Diagnostic confirmation is achieved via incisional biopsy, performed on the periphery of the lesion, and histopathological examination. The histopathology of PK is specific; it is characterized by a stack of tightly fitted parakeratotic cells, which are well limited from the rest of other corneocytes; it represents the cornoid lamella (Fig. 2A).

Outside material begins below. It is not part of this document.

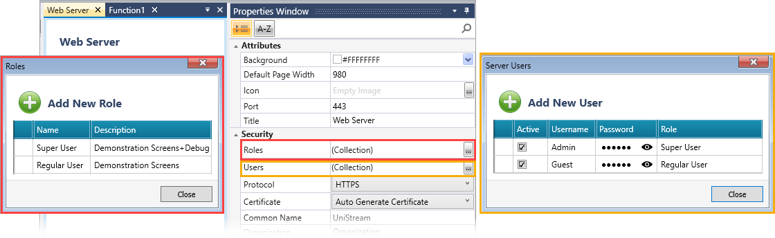 When designing web pages, assign security permissions to individual pages according to your requirements, controlling which Roles can access specific pages.

In addition, under the column of parakeratotic cells, the granulosum layer is absent and the epithelium thinned (Fig. 2B, C) (3).
In the current case we also found focal koilocytic changes (Fig. 2C), which might initially suggest a diagnosis of a plane wart; this is an interesting finding, and another paediatric case also reported it (5).
The current case shows that the diagnosis of PK can be very challenging, and that PK should be considered even in very young patients.
There are no standards of treatment for PK, and no international and national guidelines. The best outcome for PK of Mibelli has been shown to be achieved when treated with imiquimod 5% cream, and that cryotherapy can be considered for smaller lesions (6). In order to replace deficient mevalonate pathway end-products related to the possible pathogenetic role of MVK gene mutation, the application of topical cholesterol/lovastatin has also been proposed recently as a possible treatment for PK (4, 7, 8).
Due to the young age of the current patient and the reduction in lesion size after incisional biopsy, she was started on daily topical application of calcipotriol, which resulted in clinical stabilization of the lesion.